For plan years beginning on December 27, 2021, or later, brokers and consultants will be held to new compensation transparency obligations under the Consolidated Appropriations Act (CAA). The CAA creates new requirements for brokers and consultants (referred to in the rules as “covered service providers” or “CSPs”) to disclose to ERISA-covered group health plan sponsors any direct or indirect compensation they may receive for referral of services.

We welcome the change. Our firm was started as an advisory-based alternative to the sales-focused entities that are prevalent in the marketplace. Over our 20-year history, we have observed a continued movement by most of our competitors ― including very large and previously independent consulting firms — toward a product and commission-driven business approach. We continue to focus on the transparent delivery of high value, conflict-free services.

The CAA requires CSPs to provide plan fiduciaries with information they need to assess reasonableness of total compensation, both direct and indirect, received by the CSP, its affiliates and/or its subcontractors. For this purpose, a CSP is an entity that enters into a contract with a plan and reasonably expects to receive $1,000 or more in direct or indirect compensation in connection with providing the listed services — regardless of whether the services will be performed, or compensation will be received, by the CSP, an affiliate, or a subcontractor.


The listed services and additional details are summarized in Ken Haneline’s overview here.

Over the coming months, we will have more to share on these requirements and what you as a plan fiduciary should expect from brokers and consultants.

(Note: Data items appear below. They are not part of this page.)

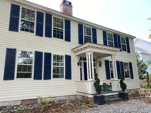 The Dr. Isaac Green Mansion - a beautiful, historic building in downtown Windsor with a rich past. Downtown zoning allows for many options for use. Many original historic features still in tact, such as floors, wavy glass windows, doors, hardware, etc. Previously operated as a B&B, though we were on track to convert back to single family residence - this means only 4 bedrooms, with all of ground floor being living space. (You could still do a 6 bedroom B&B.) Work completed in the last 3 years include new roof, chimneys repointed, Driveway paved, 200 amp electrical service upgrade, refinished original wide plank wood floors in half of the home, 2 renovated bathrooms, 25 new custom low E storm windows, newly painted exterior, attached barn structure repairs currently in the works make for a total and comprehensive exterior restoration. There is still work to do on the interior. (the extent depends on your end use and budget.) Currently a fully functional "make shift" Ikea kitchen inside the main house (complete with dishwasher!) but floorplan allows AMAZING potential for a new kitchen. There is also a larger kitchen in the attached two story carriage barn that could be restored back to a Bed and Breakfast type use. (Hope to get these barn pictures up soon, but it currently shows like a cross between a wood scrap yard and a Hoarder’s dream.) Main house interior still needs bathroom, laundry, some plasterwork repair and a couple of new ceilings, and painting throughout most of the interior. We have freshly painted the living room, entry and stair hall, one bedroom, and two of the 6 baths. The gardens are lovely and, even in the center of town, there is a sense of privacy.
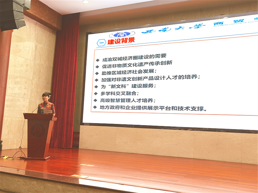 李晓阳教授从“k1十年体育品牌荣昌非物质文化遗产研发实验中心”的建设背景、建设规划、建设目标、建设优势和建设特色等五个方面进行了汇报并接受专家的指正。论证会专家充分肯定了学院所申报的文科实验室的科学性、技术性、前沿性、唯一性以及可行性,现场给予了一致好评。该项目也得到了学校的高度认可和大力支持。
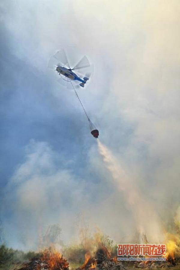 2016年9月2日,洞口县举行我市森林消防首次空地“立体灭火”实战演习。演习模拟在洞口林业机场铁甲山突发森林火灾,县林业局、森林公安局、森林防火应急分队、消防武警中队等部门按防火应急预案,立即赶赴现场进行抢险。随后,省航空护林卡-32直升机赶赴现场,实施吊桶灭火,空地配合密切,安全高效地完成了此次地空“立体灭火”实战演习任务。(罗哲明)
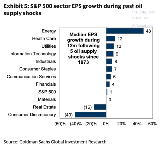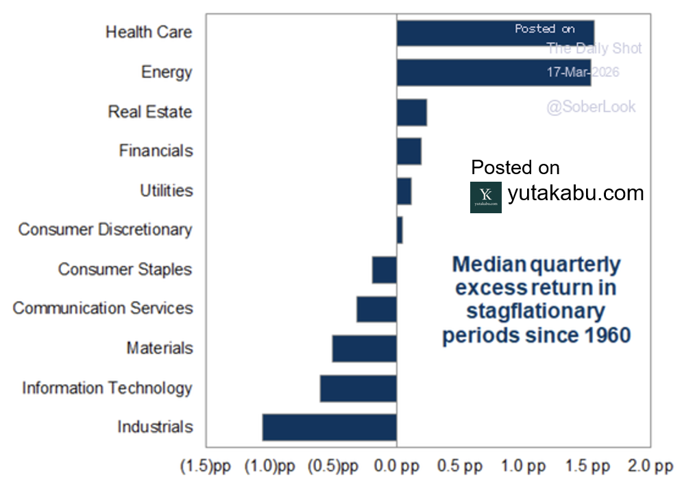スタグフレーション下では、ヘルスケアとエネルギーセクターがアウトパフォームする傾向にあります。一方で、資本財と情報技術セクターはアンダーパフォームする傾向にあります。26/3/18
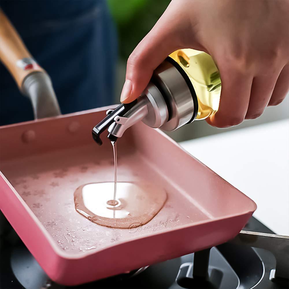 • The glass olive oil bottle rightly controls oil use, which drastically reduces caloric intake and excess fat gain.
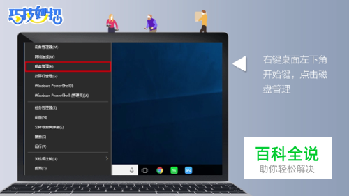 首先我们需要找到“磁盘管理”,右键单击桌面左下角开始键。
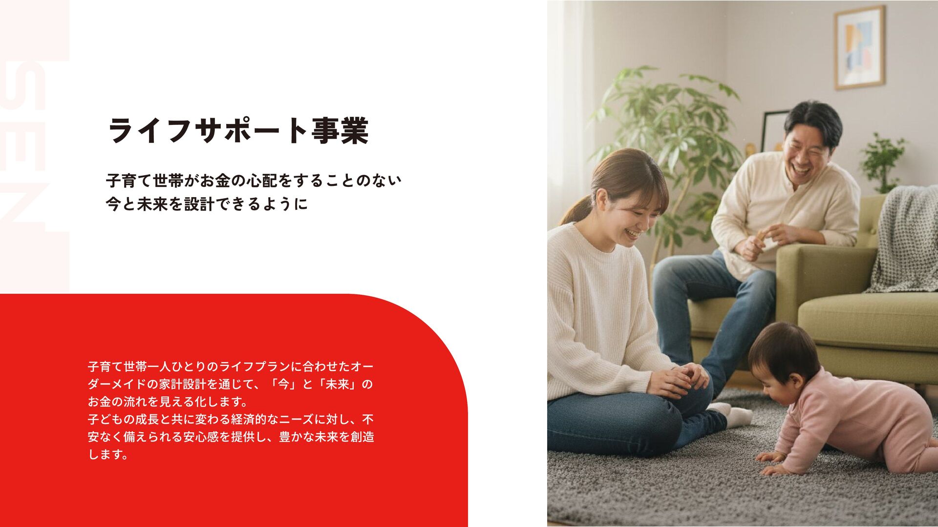 子育て世帯一人ひとりのライフプランに合わせたオー ダーメイドの家計設計を通じて、「今」と「未来」の お金の流れを見える化します。 子どもの成長と共に変わる経済的なニーズに対し、不 安なく備えられる安心感を提供し、豊かな未来を創造 します。 ライフサポート事業 子育て世帯がお金の心配をすることのない 今と未来を設計できるように

One final note: these rules are intended to prevent the payment of excessive compensation to brokers and consultants. Ironically, they don’t require all compensation to be disclosed ― only compensation that may be paid by the plan (and not fees directly paid by the employer/plan sponsor). So, it may still be difficult for fiduciaries to easily determine how reasonable a given plan’s CSP’s compensation arrangement is compared to all compensation others are paying. Nonetheless, the newly disclosed compensation is likely to raise some eyebrows!